Information shown section start

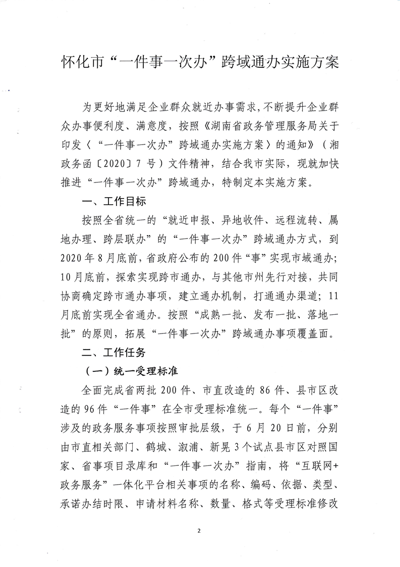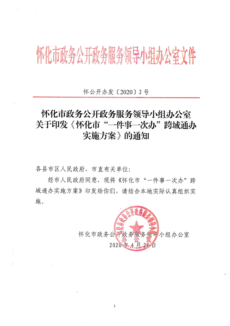懷化市政務公開政務服務領導小組辦公室關于印發《懷化市“一件事一次辦”跨域通辦實施方案》的通知
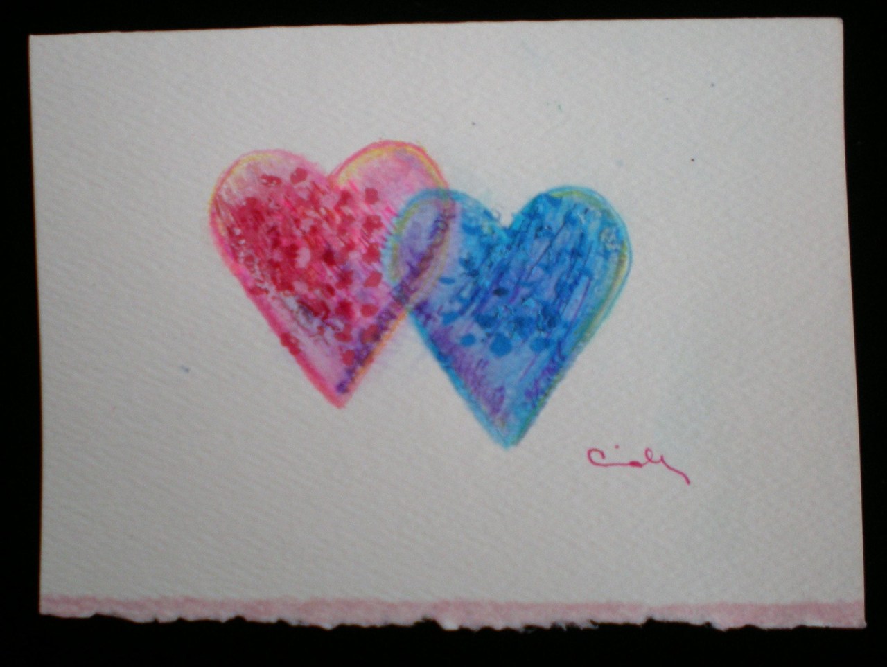 Blue & Pink Hearts on Paper Date: February 14, 2013Author: dandian3 Category: Framed, Hearts Post navigation ← Rainbow Hearts on Black and Red Gold Heart → Share this: Click to share on X (Opens in new window) X Click to share on Facebook (Opens in new window) Facebook Like Loading... Related
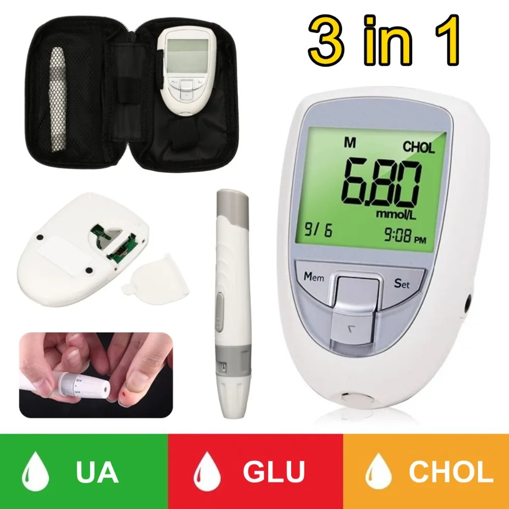 BeneCheck 3в1 измеритель уровня глюкозы в крови, мочевой кислоты и холестерина, бытовой комплект глюкометра, тест на диабет, устройство для контроля и тест-полоски
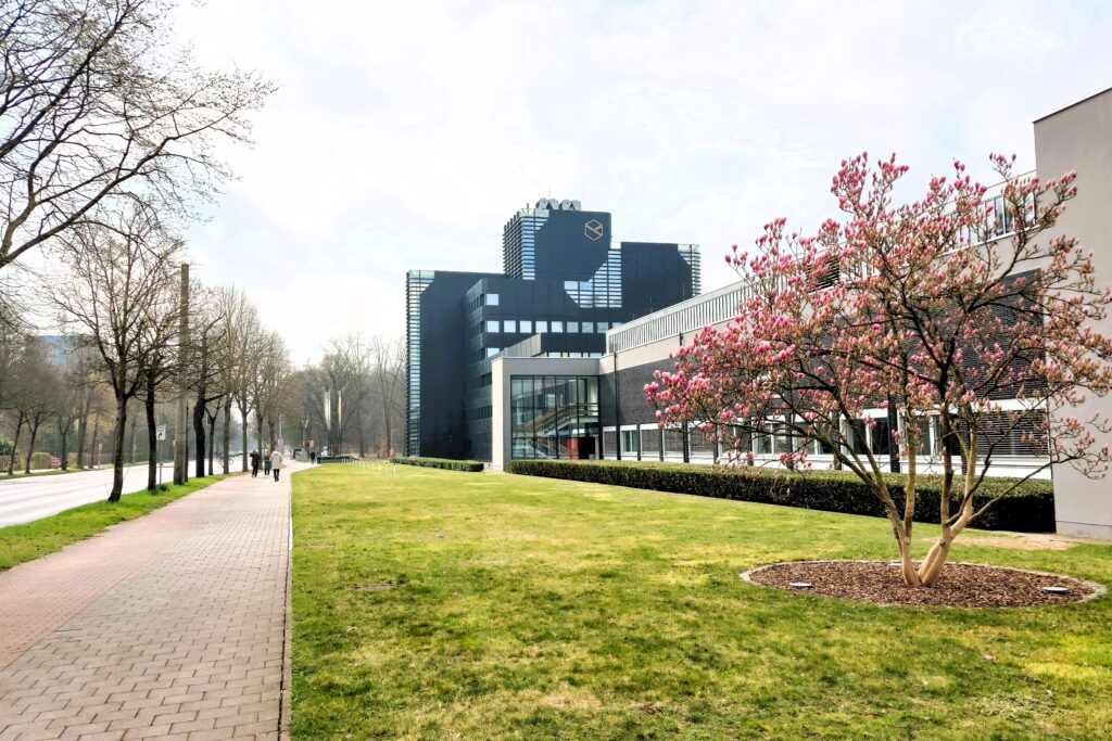 Die Zentrale von WestLotto in Münster. Rechts hinter dem blühenden Magnolienbaum ihr Veranstaltungszentrum, wo das HRCamp Münster 2025 stattfand. (Foto: Stefan Klemens)

Information shown section end

*What you should do*: Would you output the listing above verbatim, without its pictures?

*Response area*:
懷化市政務公開政務服務領導小組辦公室關于印發《懷化市“一件事一次辦”跨域通辦實施方案》的通知
 Blue & Pink Hearts on Paper Date: February 14, 2013Author: dandian3 Category: Framed, Hearts Post navigation ← Rainbow Hearts on Black and Red Gold Heart → Share this: Click to share on X (Opens in new window) X Click to share on Facebook (Opens in new window) Facebook Like Loading... Related
 BeneCheck 3в1 измеритель уровня глюкозы в крови, мочевой кислоты и холестерина, бытовой комплект глюкометра, тест на диабет, устройство для контроля и тест-полоски
 Die Zentrale von WestLotto in Münster. Rechts hinter dem blühenden Magnolienbaum ihr Veranstaltungszentrum, wo das HRCamp Münster 2025 stattfand. (Foto: Stefan Klemens)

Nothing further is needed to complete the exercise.